Despite geopolitical setbacks and the challenges of a crop reliant on Mother Nature, Alkhanshali’s goal to equip Yemen’s farmers endures. “I feel a huge sense of responsibility to make the coffee. In Yemen, there is no economic infrastructure now. [For these] farmers, this is it,” he says. “It’s challenging when you give people hope, especially people who are going through very difficult times. They trust you to allow hope to enter their hearts. I need to make sure I fulfill my promise.”

Of equal importance is his need to stress that Port of Mokha is not a charity. While the social impact on Alkhanshali’s farmers is direct and often immediate, offering microloans to finance village projects and requiring collective boards to be comprised of at least fifty-percent women, the greater business vision extends to sharing the truth of Yemen’s cultural and historical significance with the rest of the world.

He is not alone. Abdulrahman Saeed, CEO and co-founder of United Arab Emirates-based Sabcomeed, is convinced the quality of Yemeni agriculture is key to the country’s future.

 “My political agenda is simply coffee,” Saeed says, whose roots prompted him to start working with Yemeni farmers almost three years ago. “This is my identity. Coming from Yemen, I have to do something. It’s the most effective way to bring back socioeconomic stability. Since Yemen has eighty to ninety percent of the population employed by agriculture by default, the best way to tackle the problem is coffee.”

Sabcomeed absorbs the risk of all the farmers they work with, from the smallest farmer who produces only 2.2 pounds of coffee per year to the biggest, producing four hundred pounds per year. Everyone is pooled into a collective where each farmer is paid per cherry. Doing so creates incentive to continue picking only the best, ripe cherries, as well as provide opportunity to train farmers on how to increase the quality of their production. As with Port of Mokha, at Sabcomeed, maintaining specialty coffee standards is crucial.

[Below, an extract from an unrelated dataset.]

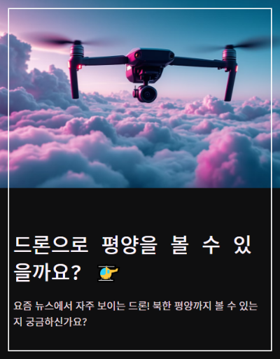 궁금한 질문: 요즘 뉴스에서 많이 나오는 드론! 혹시 이걸로 북한 평양까지 볼 수 있을까요?

“It is our job to improve their coffee,” Saeed says, noting his effort to work with farmers irrespective of their skill level. “Whether it’s talking to an agricultural expert, working with us to improve soil conditions, organic composting, or anything like that. We do it all. It’s about creating a change—something that can be seen and can be shared.”

Tristan Comb, an American based in Boston who is co-founder and CMO of Sabcomeed, agrees. “What we’re trying to do is provide value to people who work in these remote areas and the ability to access trade and international markets; we don’t want everyone to give up on their roots,” he says. “[Farming] is something [Yemenis] have been doing for thousands of years, and doing it amazingly well.” 

In addition to supplying Yemeni specialty-grade coffee to roasters in Europe—Sabcomeed’s biggest market currently—and soon in the U.S., Saeed also has another goal: mokha. He wants to reclaim the Arabic name.

“We started the project to actively pursue reclaiming the word ‘mokha’ as part of Yemen,” he explains, undaunted by the scope of such ambition or the corporations he is up against. “This will take five to ten years—maybe fifteen—but it will all be worth it. The main concept is denomination of origin [similar to using the term ‘champagne’ which must be made in the region of Champagne]—what makes a certain product belong to a certain culture, identity or region.”

One of Sabcomeed’s producers with his grandson sorting ripe cherries | Photo by Ali Alsunaidar, courtesy of Sabcomeed
Group photo of Sabcomeed’s producers, team and family members | Photo by Ali Alsunaidar, courtesy of Sabcomeed

According to Saeed, “mokha” spelled with the correct Arabic “kh” instead of a “c” or “ch” should reflect the Yemeni origin point, increasing global awareness of the country’s cultural importance. After spending months researching and validating public perception around the word mokha, along with a detailed legal process documenting other denomination of origin cases, he’s hoping that by utilizing the UAE’s leadership and diplomatic connections, proper use of mokha will create demand for Yemeni beans in drinks that bear the name.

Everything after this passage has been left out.